In closing, I would like to put this question to the representatives of the insurance industry who are gathered together at this conference.

All of us are aware of the need to insure against the risks that face us in virtually every area of our lives.

We are happy to pay several hundred rand a month to insure our cars and our household contents.

We willingly pay to cover our homes against the risks of fire, flood and natural disasters.

We take out insurance to provide for our families in the event of untimely death.

We insure ourselves against loss of limb and livelihood.

We are prepared to pay good money every month to cover ourselves against all these risks. But what are we prepared to pay to uphold the Constitution, on which virtually everything else depends? 9

The media, civil society and opposition parties will need all the support they can get from people of goodwill inside South Africa and in the international community to continue to play their role.

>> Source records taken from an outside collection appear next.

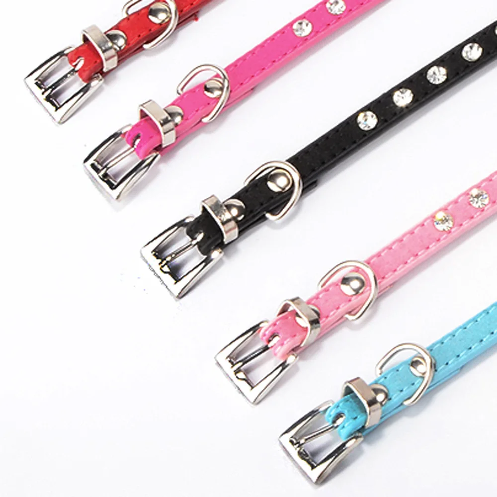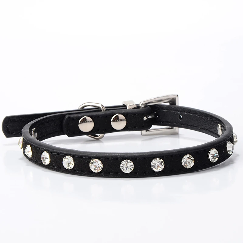 Мини-ошейник стразы из инкрустированной кожи Подходит для маленьких кошек и собак ошейники для домашних животных для прогулок на открытом воздухе аксессуары для собак
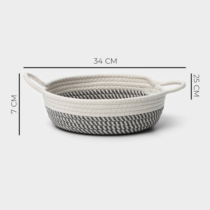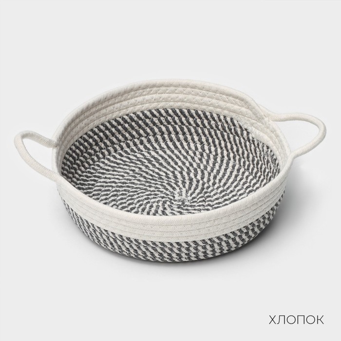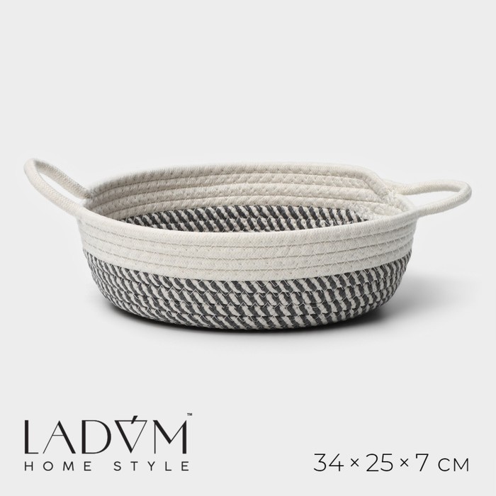 Корзина для хранения LaDо?m «Визави», плетёная, ручной работы, с ручками, хлопок, 34?25?7 см, сераяВопросы по товару
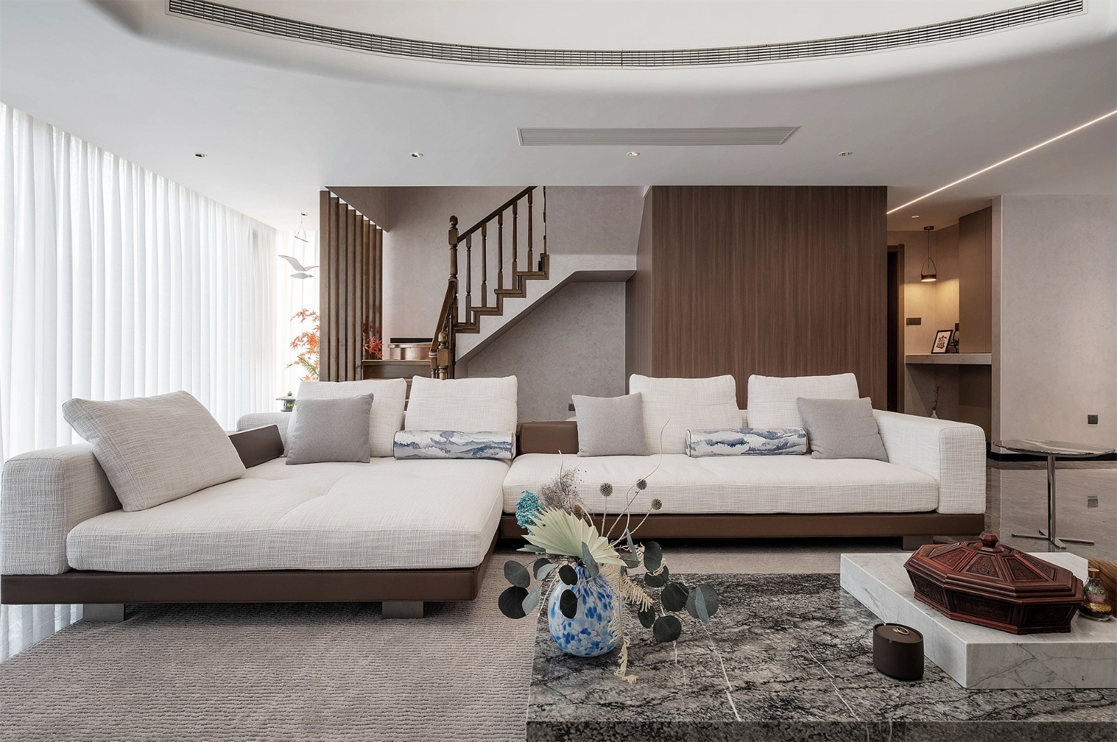 天然柚木打造的旋转楼梯栏杆,其温暖的木色与纹理为空间注入自然气息,与深色木饰面背景墙共同构成现代与古典的时空对话。 象牙白磨砂皮包裹,形成舒适的围合式休闲区。组合式茶几采用黑玛瑙与白铜的材质碰撞,其错落的造型如同现代雕塑。每个细节都经过精密推敲,共同谱写出空间艺术的完美乐章。
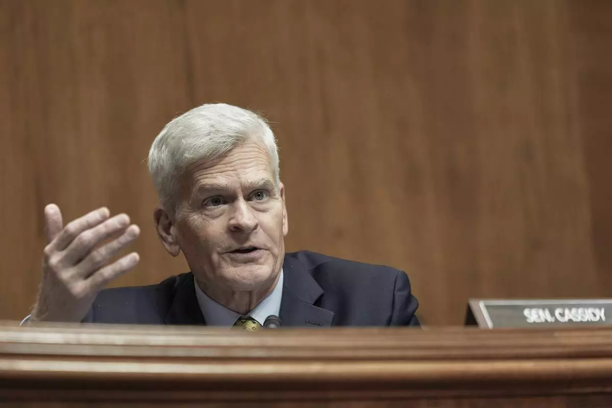 FILE - Sen. Bill Cassidy, R-La., asks a question during a Senate Health, Education, Labor, and Pensions (HELP) Committee hearing, June 18, 2025, on Capitol Hill in Washington. (AP Photo/Mariam Zuhaib, File)
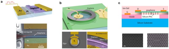 - Gan, X.; Shiue, R.-J.; Gao, Y.; Mak, K.F.; Yao, X.; Li, L.; Szep, A.; Walker, D.; Hone, J.; Heinz, T.F.; et al. High-contrast electrooptic modulation of a photonic crystal nanocavity by electrical gating of graphene. Nano Lett. 2013, 13, 691–696. [Google Scholar] [CrossRef] [PubMed]

My message to the Insurance Industry today, when you are considering the sustainable development of our country, is this:

  • ●Think about - and actively support - ways of promoting the vision in our Constitution of genuine equality, non-racialism and a better life for all our people;
  • Consider the concrete steps that you can take to support the work of NGOs - like our own Centre for Constitutional Rights - that are fighting night and day to protect our Constitution - and your own fundamental rights.

I can assure you that our prospects for sustainable development as well as the future happiness, prosperity and security of everyone in this country - depend on it.